- Born: December 29, 1971 Togliatti, Russia
- Died: October 9, 2003 (aged 31) Died at his apartment in Togliatti
- Cause of death: Multiple stab wounds
- Body discovered: His body was discovered by his wife.
- Resting place: Banakenskogo Cemetery
- Occupations: Journalist and editor-in-chief
- Employer: Togliatti Review
- Notable work: Investigative reporting of the Russian mafia
- Spouse: Olga Lapitskaya
- Children: Kirill

= Alexei Sidorov =

Russian journalist (1971–2003)

Alexei Sidorov, sometimes transliterated as Aleksei Sidorov, (December 29, 1971 – October 9, 2003), a Russian journalist and editor-in-chief for the Tolyatinskoye Obozreniye (Togliatti Review) in Tolyatti, Samara Oblast, Russia, was known for his investigations into the Russian mafia. Alexei was killed in what was suspected to be an organized crime contract killing.

== Personal ==
Alexei Sidorov lived with his wife in an apartment complex in Tolyatti, Russia. He had one known child, Leonid Sidorov.

== Career ==
Sidorov started out as a journalist for Togliatti Review, a local newspaper. He worked under his mentor Valery Ivanov, who was the editor in 2002. He became known for his investigations into dealings by the Russian mafia. Sidorov took over as editor-in-chief for the paper after the murder of Ivanov by Russian mafia, and continued the work that Ivanov was doing and overseeing all investigative reporting for the paper until his death six months later. During the time of Ivanov's murder, Sidorov told the New York Times, "They can't kill us all." He was then murdered about six months later.

== Death==
Sidorov's wife, Olga Lapitskaya, was waiting for him to return on October 9, 2003, when she heard Sidorov call for help using the apartment buzzer. She ran downstairs to discover him bleeding on the steps of their building. She called emergency services but even with their arrival, Sidorov did not survive his wounds. After an investigation it was found that Alexei was attacked by two men while walking up to his complex. He was stabbed repeatedly and left to die. While it was initially reported that Sidorov's death was not a product of the Russian Mafia, further investigation showed that he was in fact the victim of a mafia hit. The two cases have never been solved.

== Context ==
Being a journalist in Russia is said to be one of the most dangerous jobs. Russian police are not good with cooperating in investigations which allowed the mob to spread crimes all across Russia. Towns like Togliatti exist all over Russia, journalists have to worry about the danger that follows their job. The Russian mafia has made it clear that they do not want to be bothered. While Russian civilians turn to law enforcement to protect them, the Russian police say they are unable to deal with the threats the Russian mob brings.

== Impact ==
The death of Alexei Sidorov has given views of the danger that Russian journalists are facing in the past and the present.

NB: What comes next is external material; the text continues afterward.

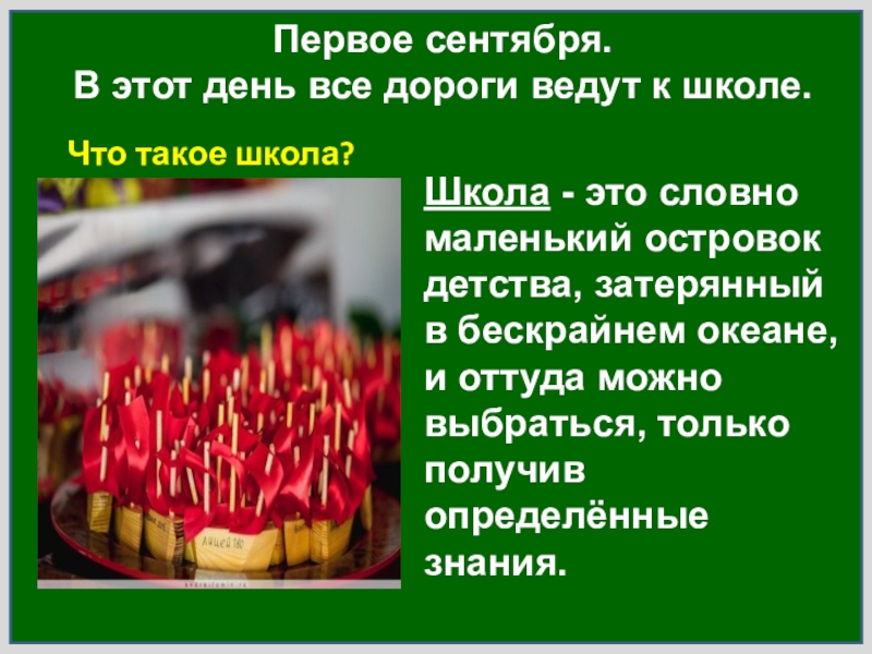 Школа - это словно маленький островок детства, затерянный в бескрайнем океане, и оттуда можно выбраться, только получив определённые знания.

Lack of law enforcement and prosecution of those who murder journalists are the primary reasons Russian journalists worry about their safety. Russian law enforcement located in places like Togliatti, blame victims for getting involved in the mob cases rather than help create a more safe community for everyone living there. Sidorov's murder also brings to light the shortcomings of the Russian media and court system. The police only continue to investigate murders like Sidorov to appease public disapproval. The Russian courts are also at fault because they are showing how powerful the mob is by setting suspects free who come into the equation after long investigations.

== Reactions ==
Sidorov's death sparked new discussions regarding the safety of journalists in Russia. PEN America wrote a letter to the President Dmitry Medvedev demanding investigations to put an end to immunity in the case of journalists that were murdered in Russia.

Koïchiro Matsuura, director-general of UNESCO condemned the journalist's death, "The murder of Alexi Sidorov marks yet another attack on democracy and transparency in Russia and must be condemned as such."

State Deputy Vladimir Ryzhkov said, "Our journalists have no protection, and that tells you that journalism is a very risky profession and that there is a great deal of unhappiness in society."